Task instructions
The required output is an exact restatement of the lines, starting with the one that contains "Tunni kokkuvõte on" and finishing with the last line of the listing. It contains no pictures.

Given material

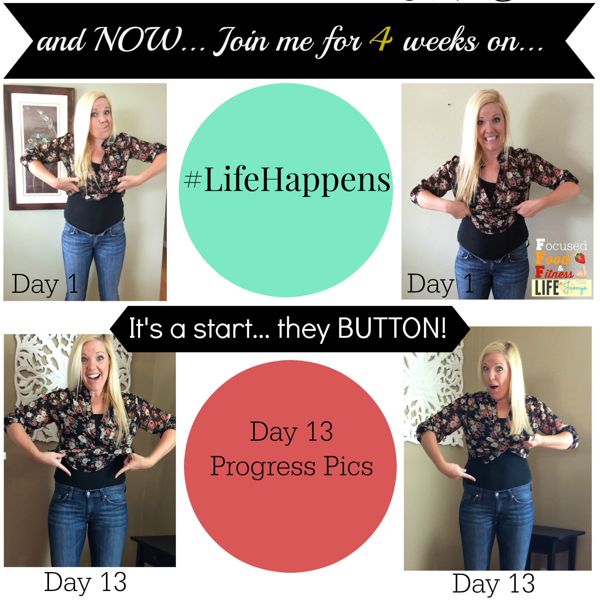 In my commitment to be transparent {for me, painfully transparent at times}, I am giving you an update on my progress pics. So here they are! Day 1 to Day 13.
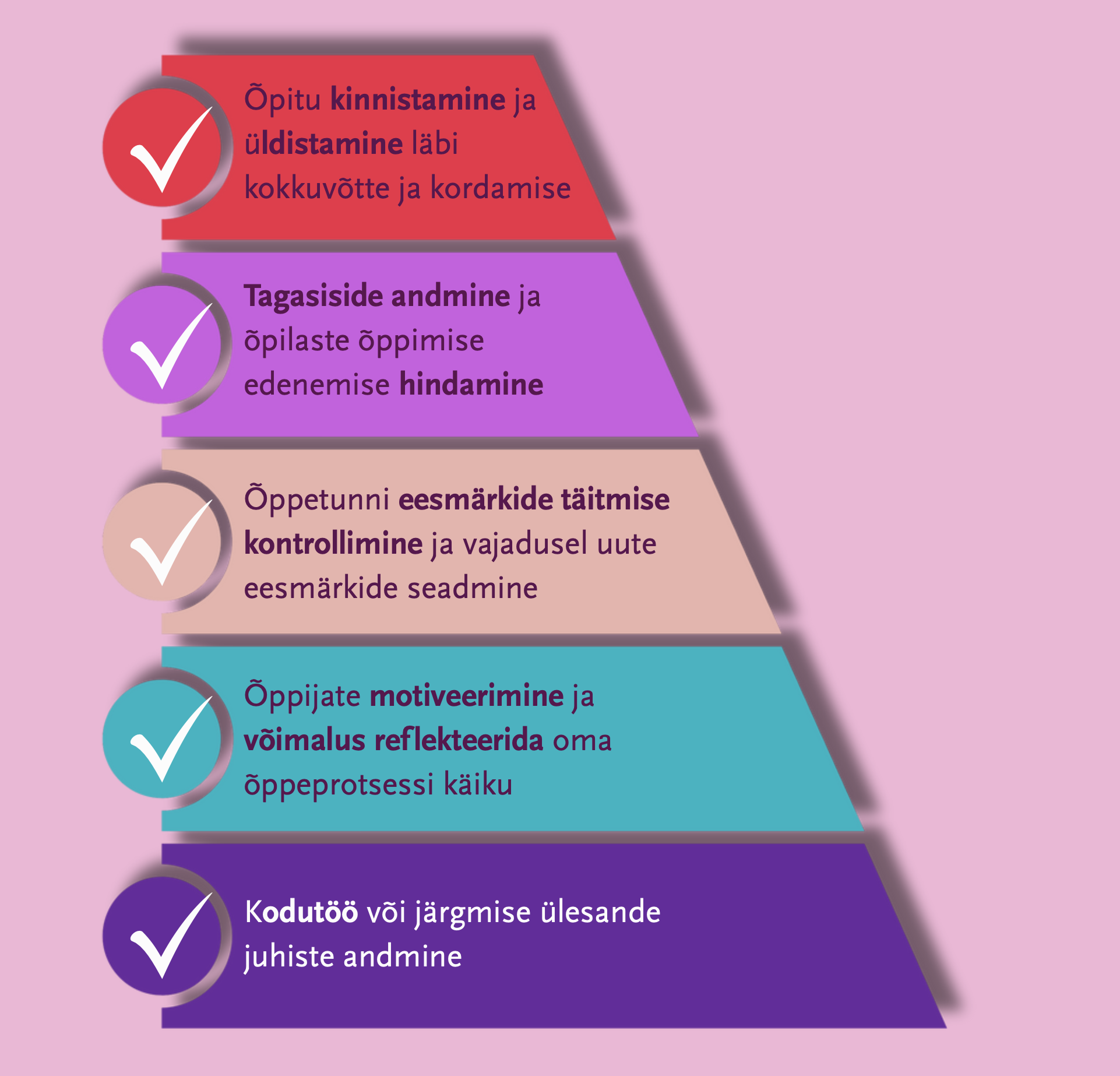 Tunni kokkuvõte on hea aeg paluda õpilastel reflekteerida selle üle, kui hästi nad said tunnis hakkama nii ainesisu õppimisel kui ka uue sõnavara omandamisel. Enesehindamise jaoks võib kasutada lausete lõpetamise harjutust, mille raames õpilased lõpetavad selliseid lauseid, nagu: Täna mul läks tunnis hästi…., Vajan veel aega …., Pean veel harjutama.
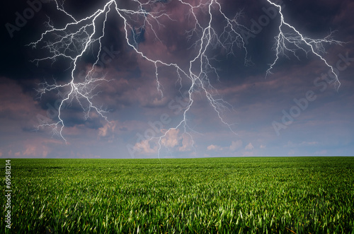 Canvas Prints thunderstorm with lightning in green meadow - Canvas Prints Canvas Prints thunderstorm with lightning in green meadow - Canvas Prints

Output for this task
 Tunni kokkuvõte on hea aeg paluda õpilastel reflekteerida selle üle, kui hästi nad said tunnis hakkama nii ainesisu õppimisel kui ka uue sõnavara omandamisel. Enesehindamise jaoks võib kasutada lausete lõpetamise harjutust, mille raames õpilased lõpetavad selliseid lauseid, nagu: Täna mul läks tunnis hästi…., Vajan veel aega …., Pean veel harjutama.
 Canvas Prints thunderstorm with lightning in green meadow - Canvas Prints Canvas Prints thunderstorm with lightning in green meadow - Canvas Prints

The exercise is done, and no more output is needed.